------ SOURCE INFORMATION ------
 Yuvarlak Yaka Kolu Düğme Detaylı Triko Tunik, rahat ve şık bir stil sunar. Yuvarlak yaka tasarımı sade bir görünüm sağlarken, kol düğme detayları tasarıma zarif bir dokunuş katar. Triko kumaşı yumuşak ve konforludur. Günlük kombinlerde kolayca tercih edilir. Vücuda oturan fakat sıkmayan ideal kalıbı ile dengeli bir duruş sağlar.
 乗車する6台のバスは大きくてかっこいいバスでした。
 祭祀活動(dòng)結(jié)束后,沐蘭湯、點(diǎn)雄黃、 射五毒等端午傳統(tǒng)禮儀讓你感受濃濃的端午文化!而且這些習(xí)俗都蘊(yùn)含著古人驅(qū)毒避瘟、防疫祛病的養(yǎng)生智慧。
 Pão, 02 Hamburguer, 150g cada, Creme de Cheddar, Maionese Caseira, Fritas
------
------ SOURCE INFORMATION ------
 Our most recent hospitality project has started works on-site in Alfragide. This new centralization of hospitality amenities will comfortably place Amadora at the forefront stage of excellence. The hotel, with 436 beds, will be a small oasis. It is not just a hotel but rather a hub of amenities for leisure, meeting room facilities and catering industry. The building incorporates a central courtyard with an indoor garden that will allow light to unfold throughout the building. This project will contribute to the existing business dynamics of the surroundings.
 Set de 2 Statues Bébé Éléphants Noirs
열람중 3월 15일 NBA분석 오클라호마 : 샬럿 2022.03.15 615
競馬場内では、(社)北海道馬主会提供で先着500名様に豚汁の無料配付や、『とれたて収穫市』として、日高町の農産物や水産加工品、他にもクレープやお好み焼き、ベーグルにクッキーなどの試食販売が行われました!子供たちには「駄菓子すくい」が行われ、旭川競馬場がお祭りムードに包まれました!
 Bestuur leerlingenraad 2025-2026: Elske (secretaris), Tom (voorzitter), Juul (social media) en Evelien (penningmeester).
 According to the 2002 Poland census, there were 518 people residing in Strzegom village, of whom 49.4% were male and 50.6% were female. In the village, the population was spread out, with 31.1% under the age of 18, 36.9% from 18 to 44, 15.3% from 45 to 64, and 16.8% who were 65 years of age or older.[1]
------
------ SOURCE INFORMATION ------
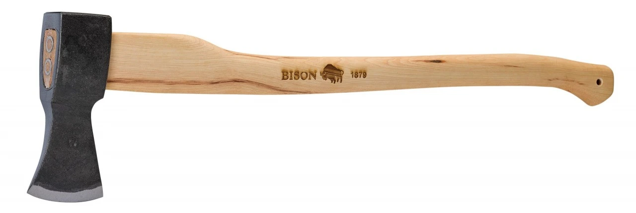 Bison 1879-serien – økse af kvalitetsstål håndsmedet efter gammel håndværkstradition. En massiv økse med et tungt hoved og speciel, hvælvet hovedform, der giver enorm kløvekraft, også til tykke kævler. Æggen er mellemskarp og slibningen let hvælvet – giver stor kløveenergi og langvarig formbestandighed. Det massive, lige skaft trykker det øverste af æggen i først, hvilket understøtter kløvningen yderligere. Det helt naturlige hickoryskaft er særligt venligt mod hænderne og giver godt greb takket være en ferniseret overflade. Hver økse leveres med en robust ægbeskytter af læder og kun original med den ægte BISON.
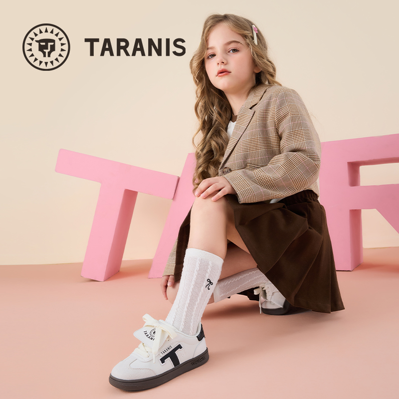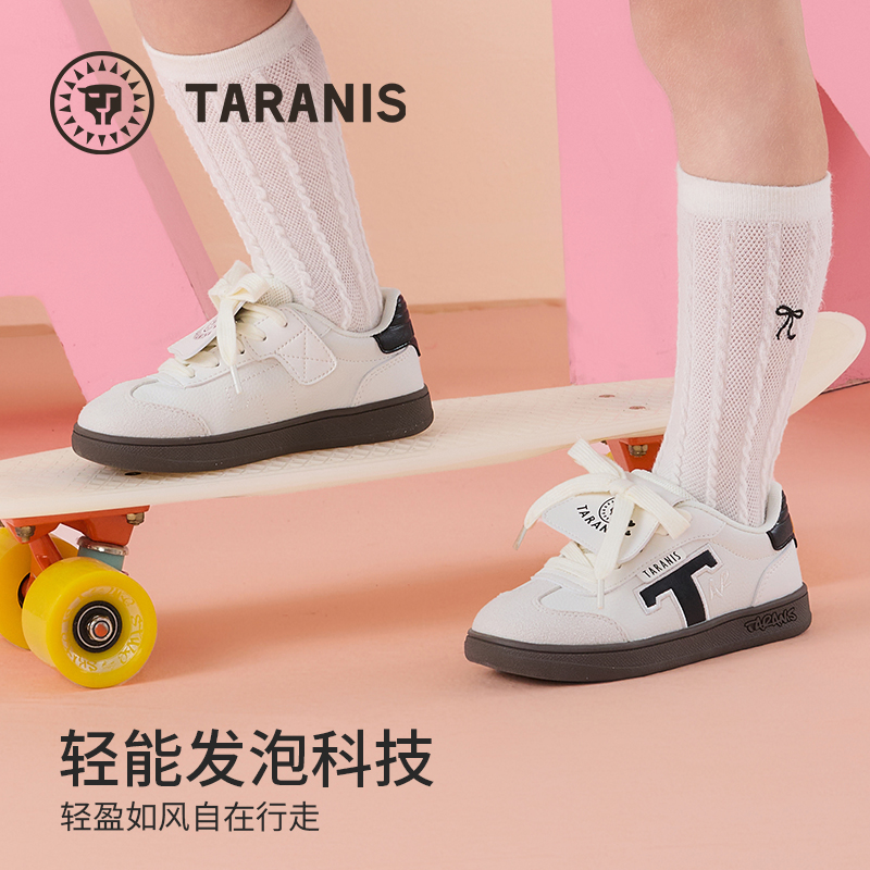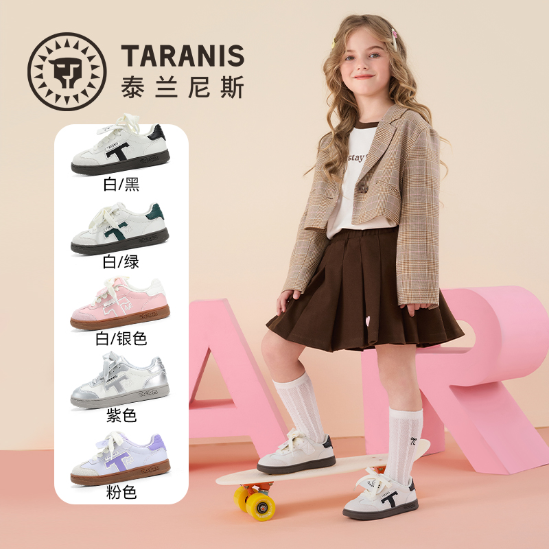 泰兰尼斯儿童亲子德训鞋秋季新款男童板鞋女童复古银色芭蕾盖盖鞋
------
**WHAT THE TASK REQUIRES**
With the pictures omitted, print the lines above exactly, beginning at the line with "Bison 1879-serien –" and going on through the line with "泰兰尼斯儿童亲子德训鞋秋季新款男童板鞋女童复古银色芭蕾盖盖鞋".

**TASK ANSWER**
 Bison 1879-serien – økse af kvalitetsstål håndsmedet efter gammel håndværkstradition. En massiv økse med et tungt hoved og speciel, hvælvet hovedform, der giver enorm kløvekraft, også til tykke kævler. Æggen er mellemskarp og slibningen let hvælvet – giver stor kløveenergi og langvarig formbestandighed. Det massive, lige skaft trykker det øverste af æggen i først, hvilket understøtter kløvningen yderligere. Det helt naturlige hickoryskaft er særligt venligt mod hænderne og giver godt greb takket være en ferniseret overflade. Hver økse leveres med en robust ægbeskytter af læder og kun original med den ægte BISON.
 泰兰尼斯儿童亲子德训鞋秋季新款男童板鞋女童复古银色芭蕾盖盖鞋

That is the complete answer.